今日は特に何も問題なく終わりそうだな。そんなことを思いながらハーシュの楽しそうな姿と、それに引っ張られるように、戦争のことを無理にでも忘れようとしているような連中が今日一番の盛り上がりを見せる。
しかし、ライブの盛り上がりが最高潮に高まった頃、それは起こった。
「―――シッ!」
「キャッ!」
観客の誰かがハーシュに向かって石を投げやがったのだ。
しかも、当たってちょっと痛いなんてレベルのものではない。
決して速いわけではないが、英雄でもなく、個性を持っているわけでもないハーシュに当たれば間違いなく大怪我となってしまうような速さと大きさ。
凡そ一般人が全力で投げつけたくらいの速さだろう。
流石に俺がそのまま見てるなんてことはなく、投げナイフで石を撃ち落とし、ハーシュは無事だった。
だけど会場は一瞬で静まり返ってしまった。
「大丈夫か」
「あはは、ごめん……」
腰を抜かしてしまったハーシュに駆け寄り、手を差し伸べつつ、石を投げたと思われるやつに視線を送る。
そいつは女だった。
小汚いワンピースを身にまとい、涙を流しながら逃げることもせず未だにハーシュに鋭い視線を向けている。
「私の家族が命がけで戦ってるのに、歌なんか歌うなっ!」
大声でハーシュにそういった女。
その表情からもわかるが、家族がこの戦争で徴兵されて未だに戦っているのだろう。
そんな人がいる中で、ワーワーキャーキャーと楽しそうに騒ぐなんて不謹慎だろとでも言いたいのか。

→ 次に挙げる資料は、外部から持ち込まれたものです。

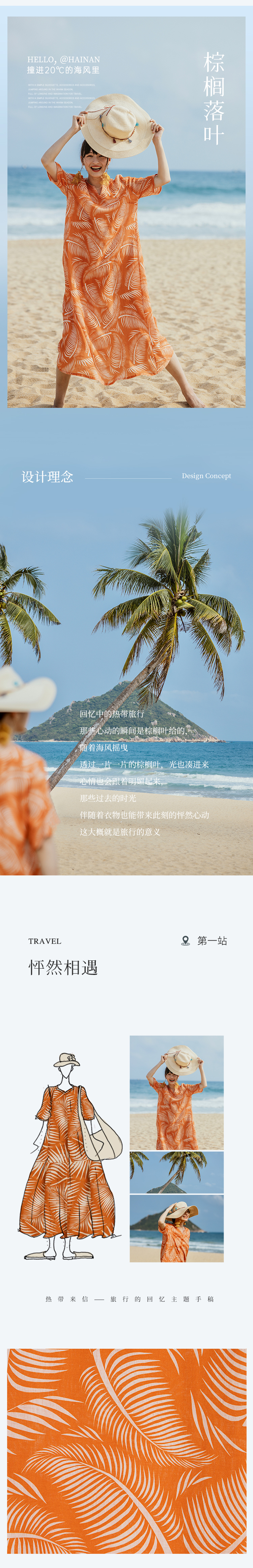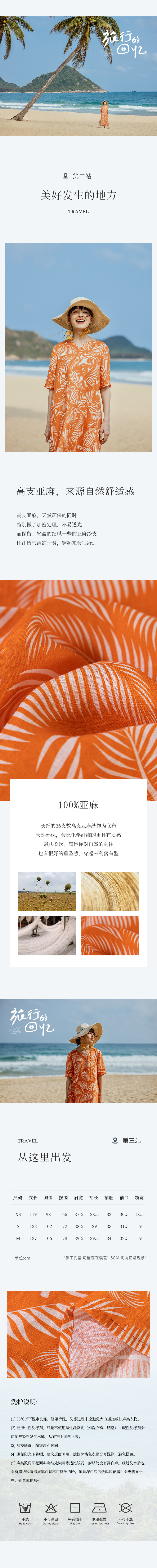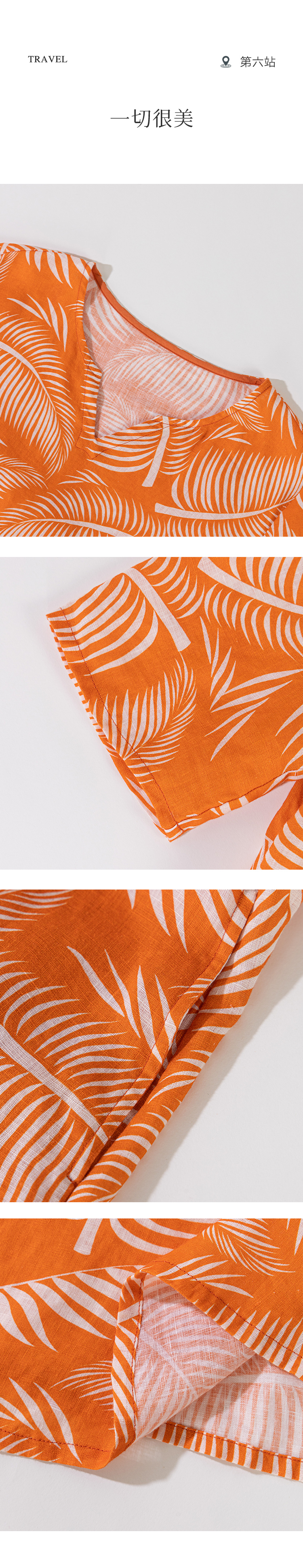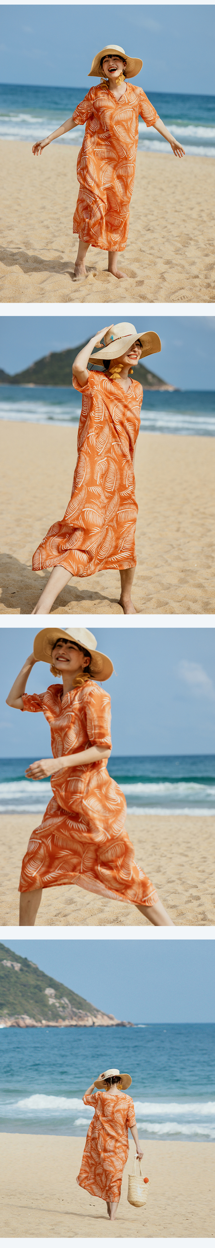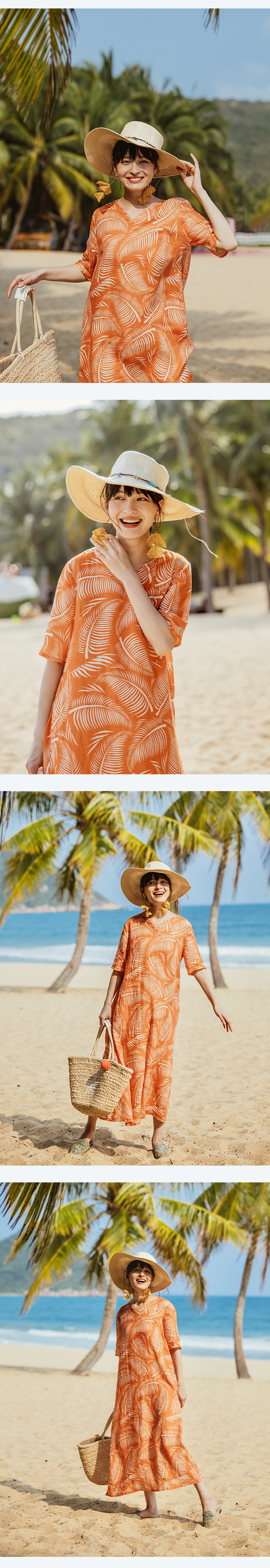 绽放旅行女装331/海边度假连衣裙高端亚麻棕榈叶印花显瘦旅游穿搭

「お前が戦場にいけ! お前が徴兵されればよかったんだ! こんな時に騒いで戦ってる人に失礼だと思わないのか!」
続けざまに投げかけられる言葉に、周囲の人間の顔色まで再び暗いものになっていく。
あぁ、これはダメだ。このままでは良くない。そう思ってテコ入れをしてやろうと思ったが、ハーシュに先手を越されてしまった。
「これから何があっても私を守ん無くていい。少し離れて」
顔を伏せたまま言ったハーシュ。しかし、その声には自暴自棄になってしまったような気配は微塵も無く、それどころか先程までよりも力がこもった声だった。
「仕方ねえな。無理すんなよ」
「ごめん、多分無理する。でも手出ししないで」
その言葉に対し、俺は黙ってうなずき、壇上を降りた。
これから先は命に関わること以外、俺が手出しすることはない。
これはあいつの覚悟だ。ここがあいつの戦う場所なんだ。
そう思ってしまうともう俺自身も止められない。
彼女のこの後がどうしようもなくみて見たくなってしまったのだ。
『ごめんなさい。あなたの言ってることは正しいと私も思う』
ハーシュがマイクを使って語ったその言葉に会場がざわめき立つ。
『だけど、私には“これ”しかないんだ。すごい力なんて持ってないし、頭がいいわけでもない。私には歌しかないの』
「だからなんだって言うのよ!」
再び投げられた石は先程よりもいくらか威力は弱い。
しかしこれは間違いなくハーシュに当たるコースだ。それはハーシュもおそらくわかっているだろう。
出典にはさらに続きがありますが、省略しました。